Pagaría de su bolsillo a los múltiples intermediarios que le mantenían a salvo de las garras del FBI o la DEA. Todos los pagos se harían en metálico. Pero incluso después de pagar al cártel el cincuenta por ciento restante, los gángsteres norteamericanos aún tendrían que blanquear una inmensa cantidad de dólares. Este dinero saldría de sus manos para ser invertido en otro centenar de empresas ilegales.
En todo Estados Unidos muchas vidas acabarían destrozadas por el aparentemente inofensivo polvo blanco.
Paul Devereaux necesitó cuatro semanas para completar su estudio. Jonathan Silver lo llamó dos veces, pero él no se dejó presionar. Cuando acabó se reunió de nuevo con el jefe de Gabinete en el Ala Oeste. Llevaba una carpeta poco abultada. Como despreciaba los ordenadores, que juzgaba muy inseguros, lo memorizaba casi todo y, si tenía que tratar con alguien corto de entendederas, escribía informes muy concisos en un inglés elegante aunque anticuado.
—¿Bien? —preguntó Silver, que se vanagloriaba de lo que él llamaba un enfoque directo y una actitud de tipo duro, pero que otros calificaban de abierta grosería—. ¿Ha llegado a alguna conclusión?
—Así es —respondió Devereaux—. Siempre que se cumplan al pie de la letra ciertas condiciones, la industria de la cocaína puede quedar totalmente destruida.
—¿Cómo?
—Primero, lo que no se puede hacer. Los creadores en origen están fuera de alcance. Millares de pobres campesinos, los cocaleros, cultivan esa planta en miles de parcelas debajo del follaje de la selva, y algunas parcelas no alcanzan ni media hectárea. Por lo tanto, mientras exista un cártel dispuesto a comprarles su maldita pasta, seguirán produciéndola y llevándola a los compradores en Colombia.

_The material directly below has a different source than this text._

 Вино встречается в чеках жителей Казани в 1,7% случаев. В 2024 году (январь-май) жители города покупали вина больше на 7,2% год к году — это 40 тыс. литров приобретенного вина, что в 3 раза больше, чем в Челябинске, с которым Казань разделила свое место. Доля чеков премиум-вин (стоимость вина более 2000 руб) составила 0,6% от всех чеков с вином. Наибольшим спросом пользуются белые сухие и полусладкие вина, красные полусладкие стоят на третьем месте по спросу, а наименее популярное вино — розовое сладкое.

—Por lo tanto, ¿eliminar a los campesinos queda descartado?
—Por mucho que se intente, y el actual gobierno colombiano lo intenta de verdad, a diferencia de algunos de sus predecesores y de la mayoría de sus vecinos, es imposible. Vietnam tendría que habernos enseñado algunas lecciones sobre la selva y las personas que viven en ella. Pretender acabar con las hormigas con un periódico enrollado no es una opción.

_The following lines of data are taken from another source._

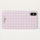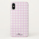 Apresenta um design de gingham cor-de-rosa pastel. Personalize com um nome.
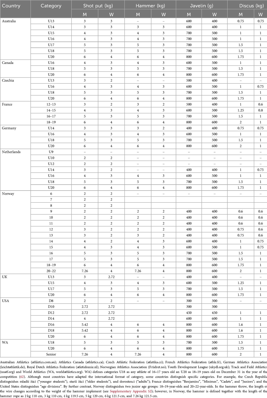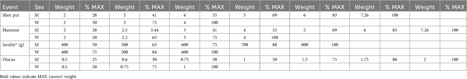 Table 2. Weight of throwing implements used by youth athletes (i.e., children and juniors). Weight is displayed in kilograms except for the javelin (*), for which the units are grams. The weight of the throwing implements is shown as % MAX, meaning the percentage of the seniors’ equipment (i.e., weight of the children's implement/senior weight). A detailed overview of equipment used by youth in various countries appears in Table 3 below.
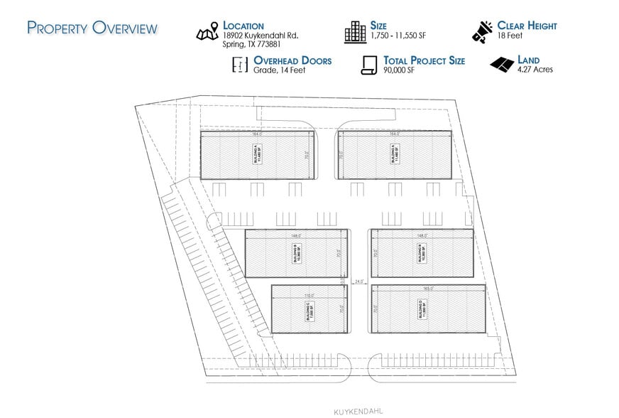 Modern design with 10% office build out 1,750 - 11,550 SF available Clear Height: 18 feet Overhead Doors: Grade, 14 feet Insulated warehouses Total Project Size: 90,000 SF Land: 4.27 Acres
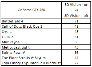 Сводная таблица производительности GeForce GTX 760 2048 Mбайт (3D Vision - включен) и GeForce GTX 760 2048 Mбайт (3D Vision - выключен), где за 100% взят результат GeForce GTX 760 2048 Mбайт (3D Vision - выключен)
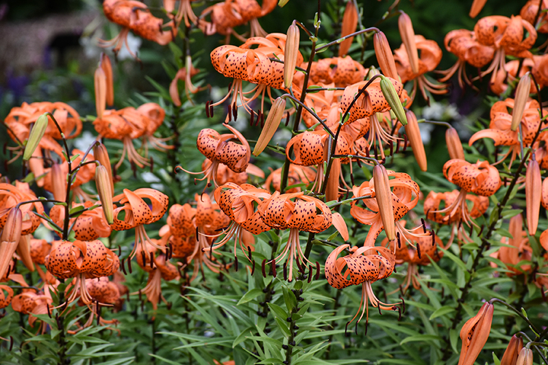 Tiger Lily features bold nodding orange trumpet-shaped flowers with black spots at the ends of the stems in mid summer. The flowers are excellent for cutting. Its narrow leaves remain green in colour throughout the season.
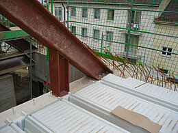 Der Zuschlag für die umfassenden Stahlbauarbeiten einschließlich Montage ging an die Spezialisten von MTS. Als solche errichteten wir nicht nur alle neu zu errichtenden Stahlbauteile, sondern auch eine Vielzahl von Abfang- bzw. Abstützmaßnahmen in den jeweiligen Bauzuständen.
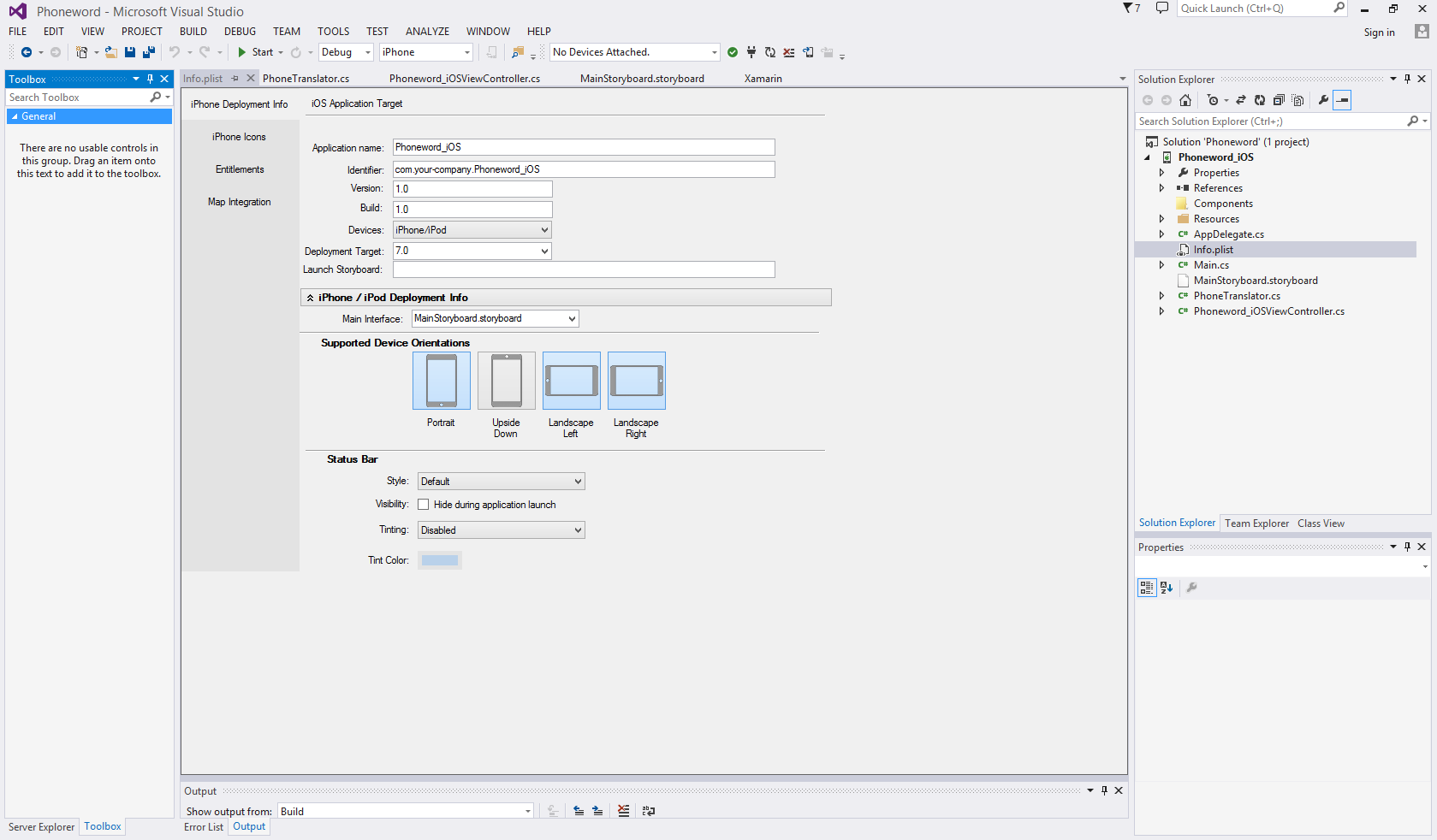 We now have a working application and it’s time to add the finishing touches! We can edit the application name and icons in the Info.plist file. Let’s open Info.plist by double-clicking on it in the Solution Explorer:

—¿Qué pasa con los laboratorios de refinamiento? ¿Los cárteles?
—Una vez más, no son una opción. Es como pretender sacar a una morena de su agujero con las manos desnudas. Es su territorio, no el nuestro. En América Latina son los amos, no nosotros.

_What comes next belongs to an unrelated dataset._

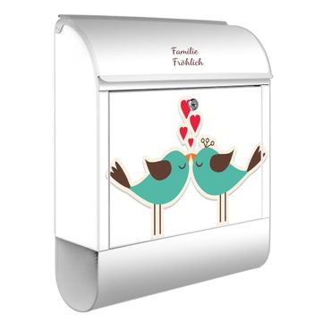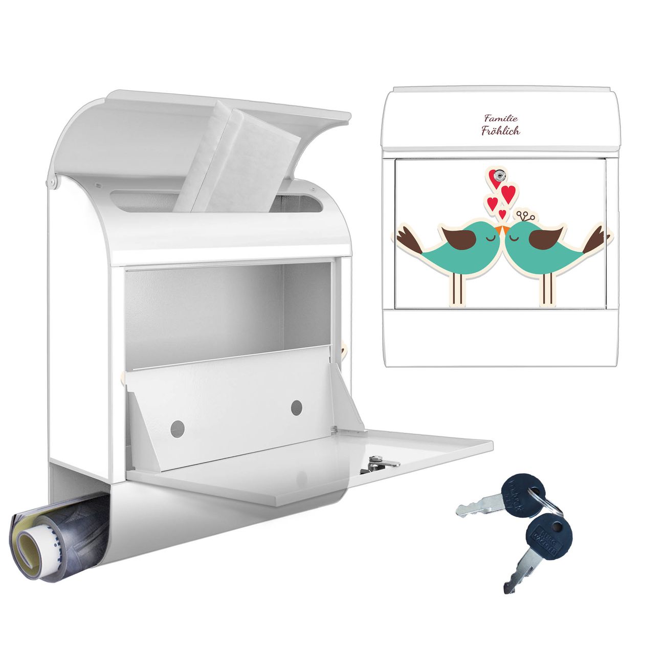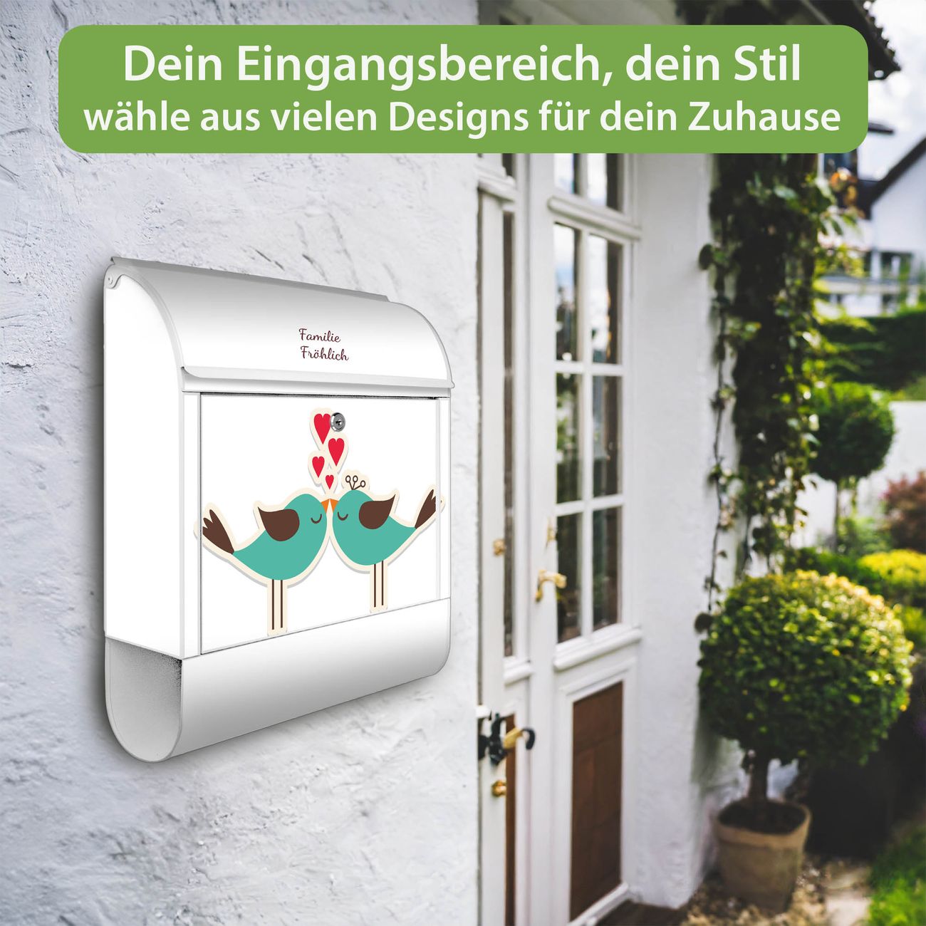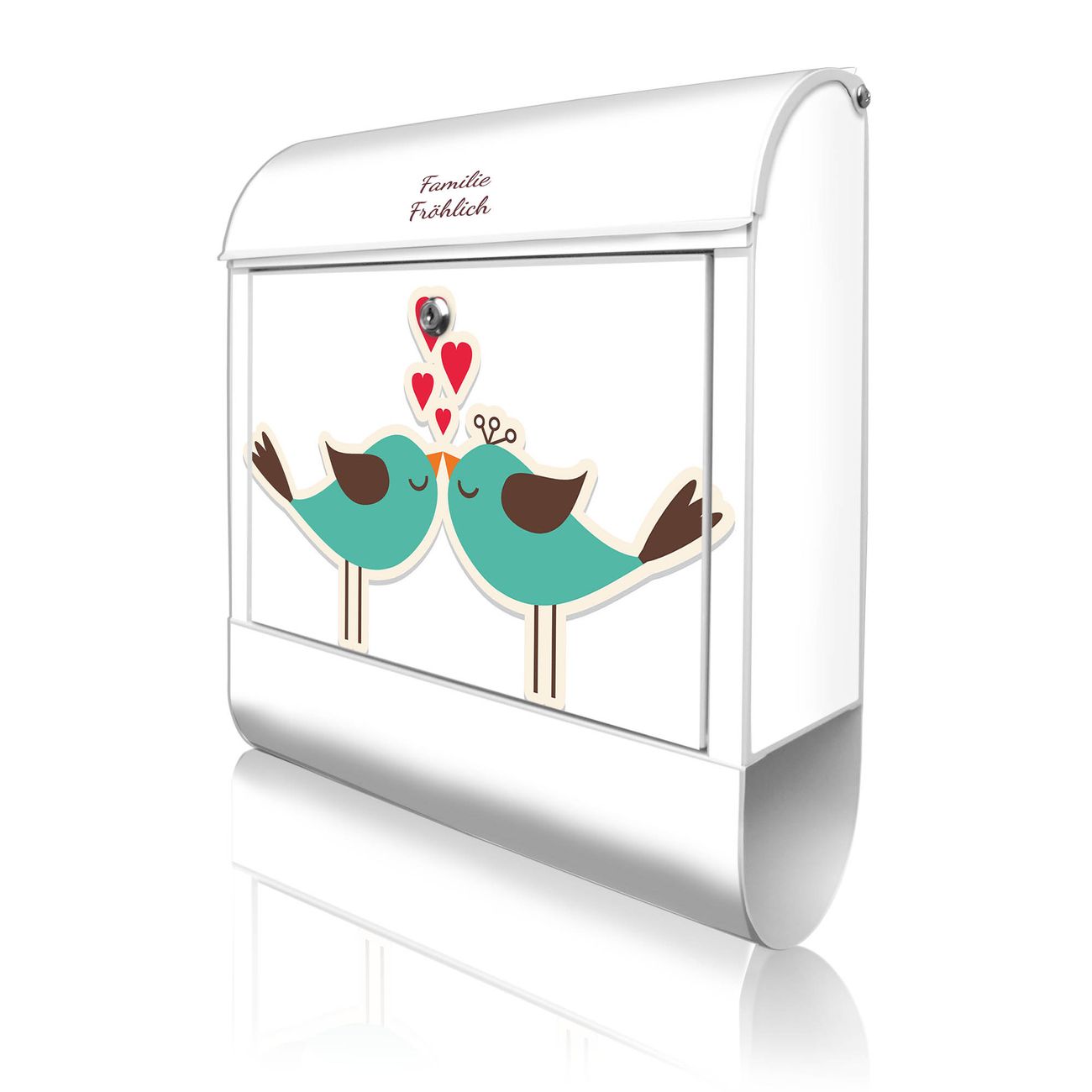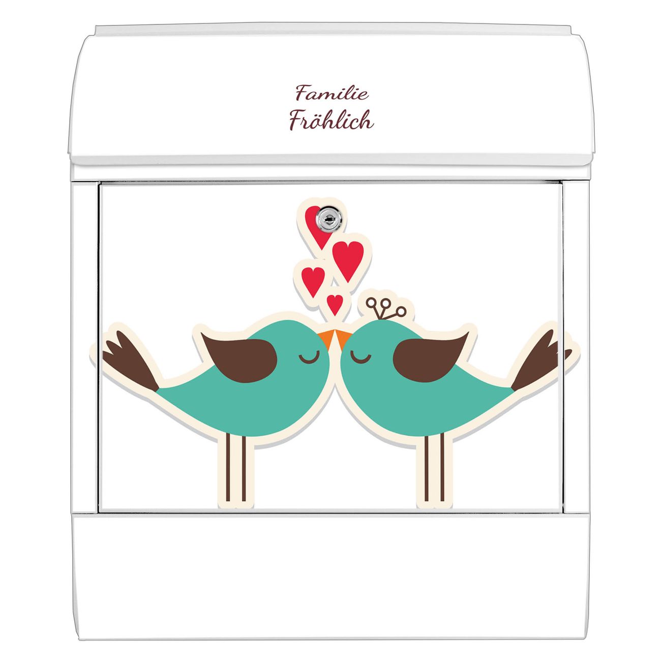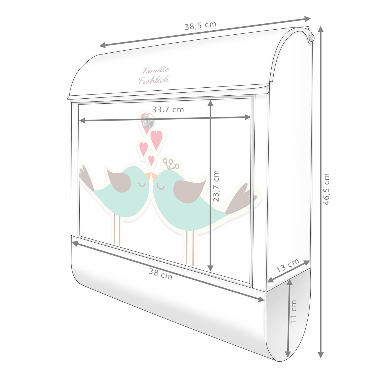 DESIGN: Der Postkasten mit Motiv Motiv Küsschen hat ein sehr ansprechendes und ausgefallenes Design, damit entlocken Sie Ihren Nachbarn und dem Postboten ein Lächeln. Heben Sie Sich von der tristen grauen Masse ab, ohne auf Funktionalität zu verzichten. DETAILS: Der Postkasten besteht aus pulverbeschichtetem Stahl. Er ist 38x46x12,5cm groß. Das Motiv besteht aus einer wetter- und UV-resistenten Folie, die mit einem Schutzlaminat überzogen ist, sodass der Briefkasten zusätzlich vor Kratzern geschützt ist. Der Briefkasten wird mit Montagematerial, zusätzlich zwei Schlüssel sowie einer Bohrschablone geliefert. NUTZEN: Sie können diesen Briefkasten sowohl als Wandbriefkasten montieren oder einen passenden Ständer kaufen und als Standbriefkasten einbetonieren. Die Größe bietet genügend Platz für Sendungen aller Art, der Einwurf fasst auch größere A4 Sendungen. BANJADO: Ihr Briefkasten wird in Sachsen in einer kleinen Manufaktur von Hand veredelt. Die Motivfolie ist lösungsmittelfrei und schutzlaminiert für einen langen Halt. Wir legen großen Wert auf die Verbindung von Funktionalität und Design. Sie erhalten Handarbeit aus Sachsen.

—De acuerdo —dijo Silver, al que se le estaba agotando su escasa paciencia—. ¿En Estados Unidos, cuando la mierda ya esté en nuestro país? ¿Tiene idea de la cantidad de dinero, de cuántos dólares de los impuestos gastamos en todo el país para el cumplimiento de las leyes? ¿Cincuenta estados, además de los federales? Maldita sea, es como la deuda nacional.